◆ Available data

━━━━━━

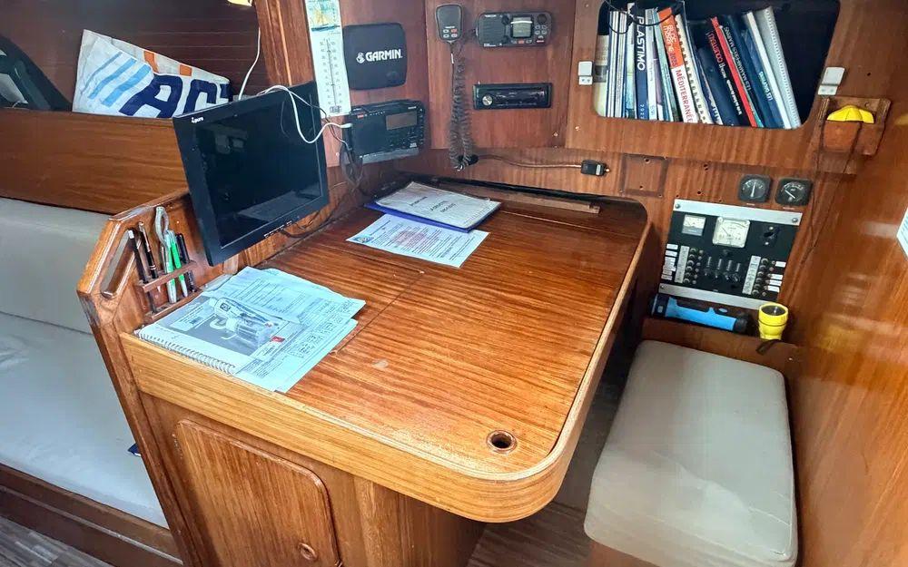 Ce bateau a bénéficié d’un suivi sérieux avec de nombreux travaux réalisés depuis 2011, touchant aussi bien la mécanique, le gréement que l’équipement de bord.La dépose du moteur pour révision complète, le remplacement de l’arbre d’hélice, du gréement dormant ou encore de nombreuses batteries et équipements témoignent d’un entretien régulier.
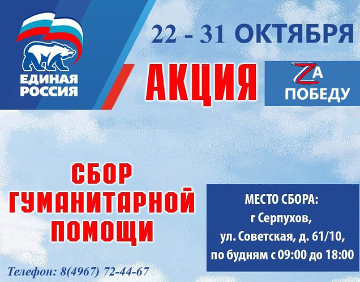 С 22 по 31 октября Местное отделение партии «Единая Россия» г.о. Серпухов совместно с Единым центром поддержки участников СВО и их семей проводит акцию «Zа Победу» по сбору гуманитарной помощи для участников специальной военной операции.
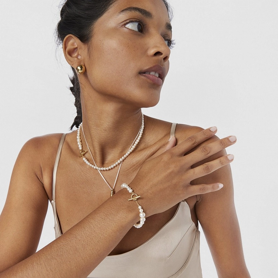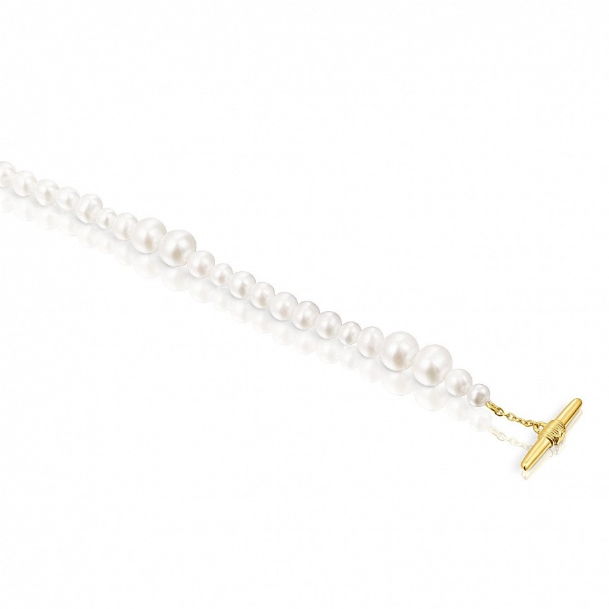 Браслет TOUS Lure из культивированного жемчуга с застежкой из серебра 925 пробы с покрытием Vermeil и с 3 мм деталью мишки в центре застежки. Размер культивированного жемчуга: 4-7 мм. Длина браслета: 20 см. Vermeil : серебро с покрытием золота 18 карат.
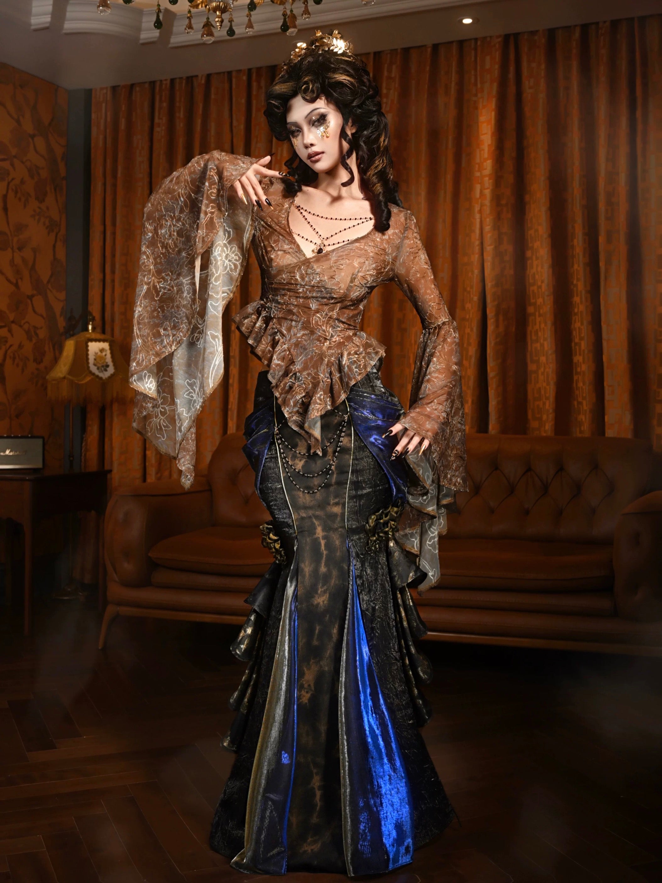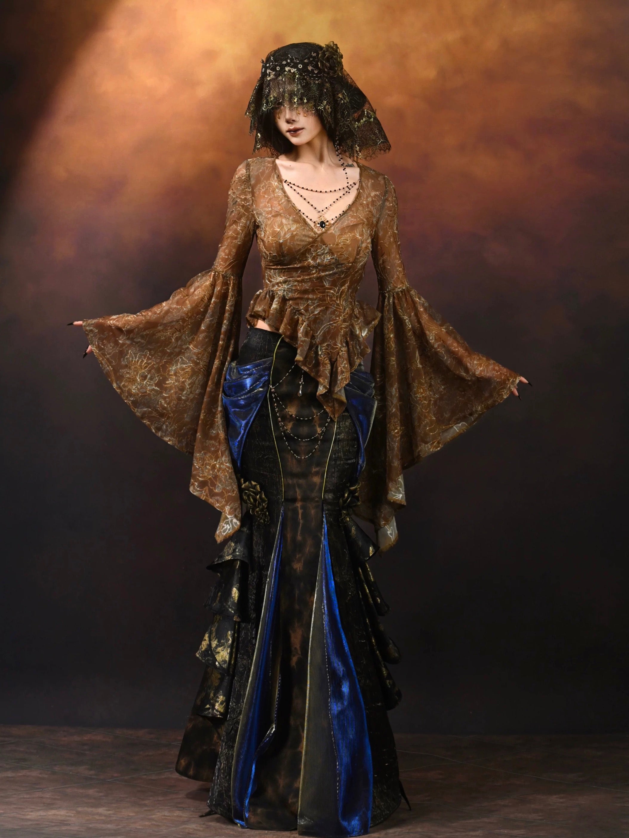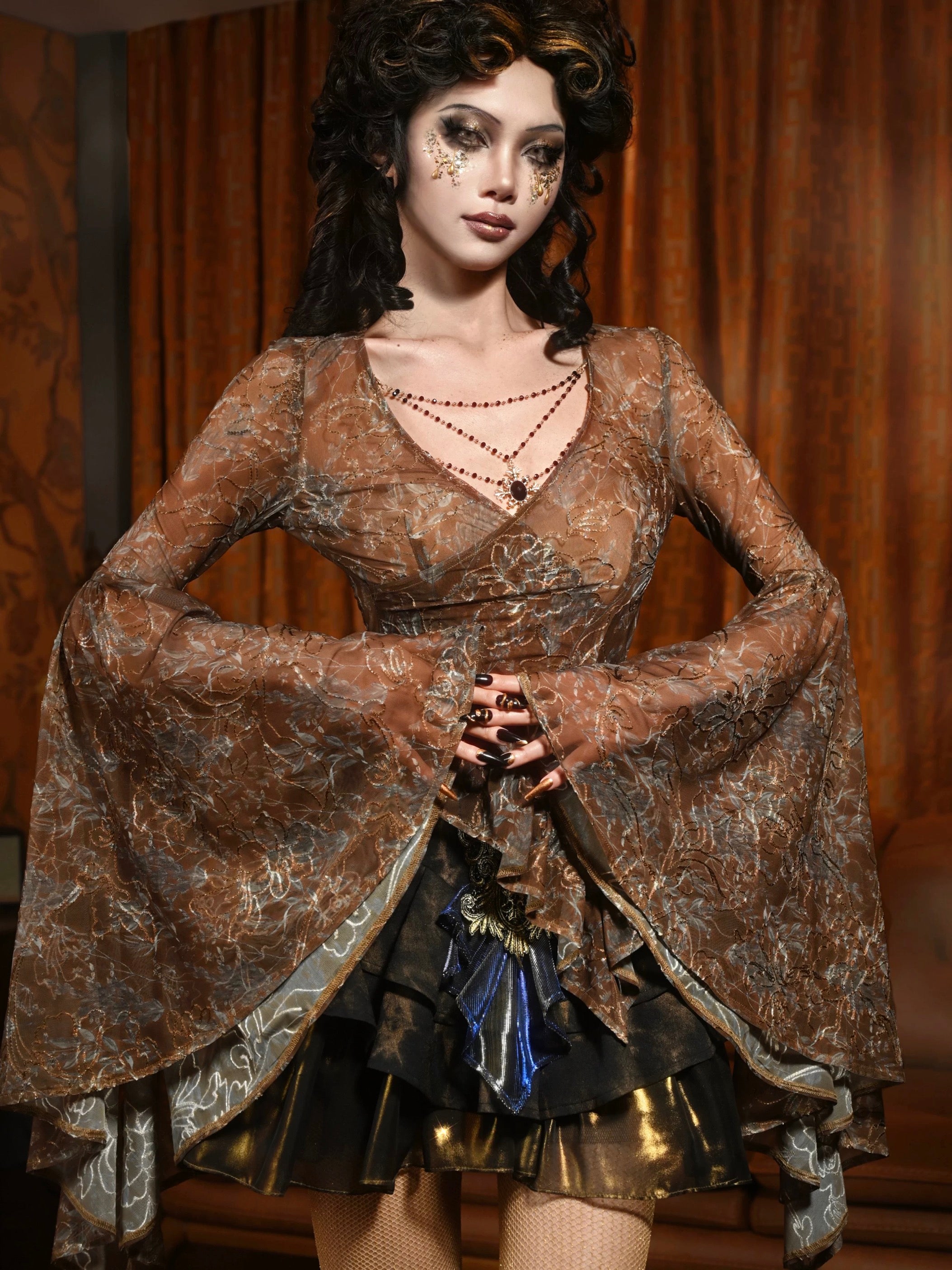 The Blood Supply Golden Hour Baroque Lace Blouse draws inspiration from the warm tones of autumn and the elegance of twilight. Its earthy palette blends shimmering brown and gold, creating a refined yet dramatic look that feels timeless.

━━━━━━

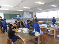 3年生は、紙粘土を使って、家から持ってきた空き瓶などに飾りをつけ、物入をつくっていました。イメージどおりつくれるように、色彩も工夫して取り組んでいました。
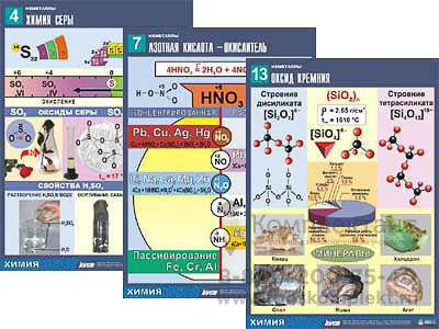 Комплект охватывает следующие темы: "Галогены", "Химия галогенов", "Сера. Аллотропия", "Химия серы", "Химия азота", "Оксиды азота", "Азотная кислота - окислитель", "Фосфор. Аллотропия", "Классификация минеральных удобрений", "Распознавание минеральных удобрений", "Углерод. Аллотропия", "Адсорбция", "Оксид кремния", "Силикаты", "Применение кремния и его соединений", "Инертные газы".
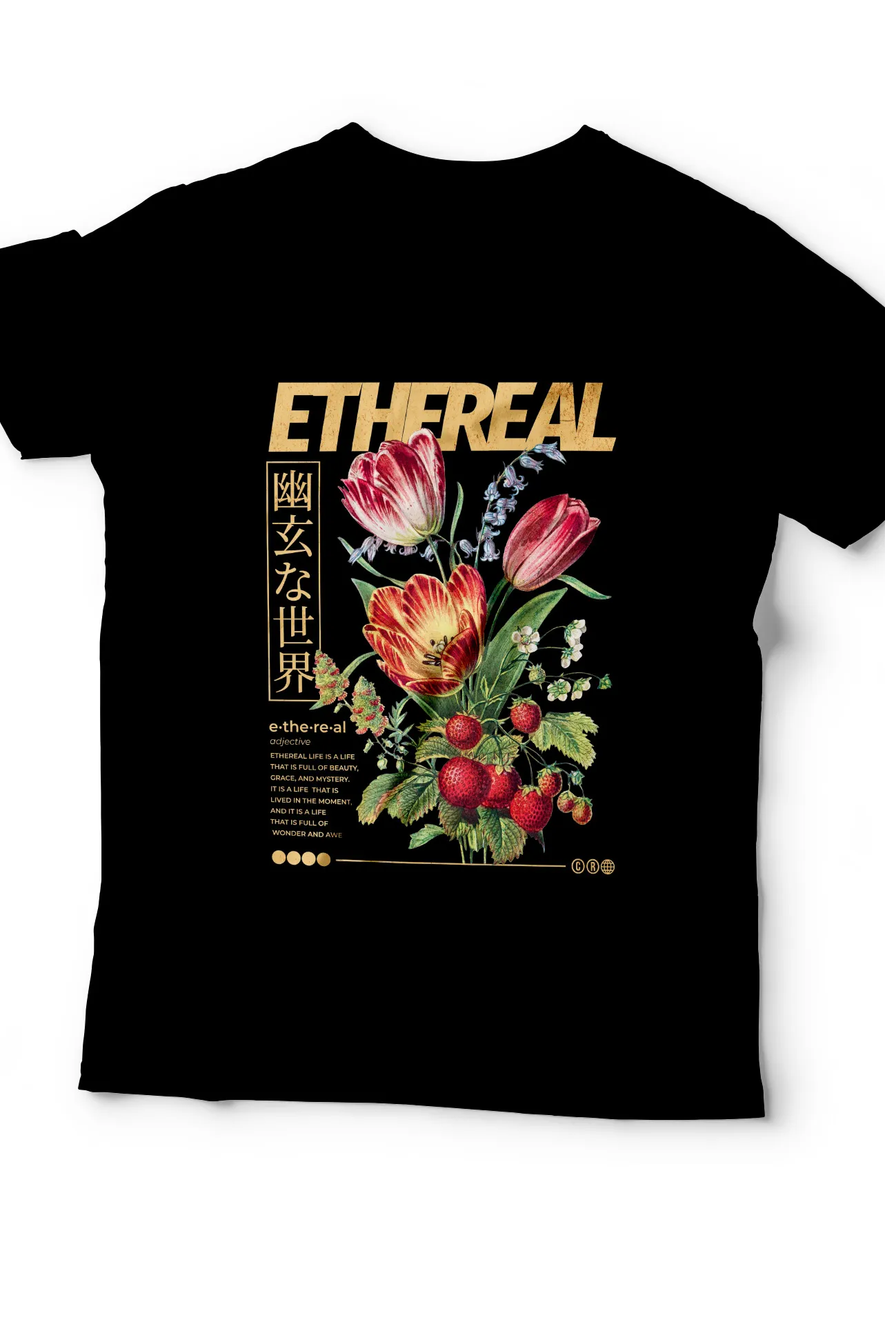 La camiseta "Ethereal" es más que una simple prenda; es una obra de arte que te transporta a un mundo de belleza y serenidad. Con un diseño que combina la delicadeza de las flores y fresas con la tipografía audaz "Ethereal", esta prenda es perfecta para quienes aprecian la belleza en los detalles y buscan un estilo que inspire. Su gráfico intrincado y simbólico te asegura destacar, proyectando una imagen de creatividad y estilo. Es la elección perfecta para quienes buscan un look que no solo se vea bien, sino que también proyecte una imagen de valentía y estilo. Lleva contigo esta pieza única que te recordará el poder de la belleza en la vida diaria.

━━━━━━

◆ Action item
Transcribe the lines above exactly, beginning at the one with "Комплект охватывает следующие" and ending at the one with "la vida diaria.". Include both; exclude the pictures.

◆ Written reply
 Комплект охватывает следующие темы: "Галогены", "Химия галогенов", "Сера. Аллотропия", "Химия серы", "Химия азота", "Оксиды азота", "Азотная кислота - окислитель", "Фосфор. Аллотропия", "Классификация минеральных удобрений", "Распознавание минеральных удобрений", "Углерод. Аллотропия", "Адсорбция", "Оксид кремния", "Силикаты", "Применение кремния и его соединений", "Инертные газы".
 La camiseta "Ethereal" es más que una simple prenda; es una obra de arte que te transporta a un mundo de belleza y serenidad. Con un diseño que combina la delicadeza de las flores y fresas con la tipografía audaz "Ethereal", esta prenda es perfecta para quienes aprecian la belleza en los detalles y buscan un estilo que inspire. Su gráfico intrincado y simbólico te asegura destacar, proyectando una imagen de creatividad y estilo. Es la elección perfecta para quienes buscan un look que no solo se vea bien, sino que también proyecte una imagen de valentía y estilo. Lleva contigo esta pieza única que te recordará el poder de la belleza en la vida diaria.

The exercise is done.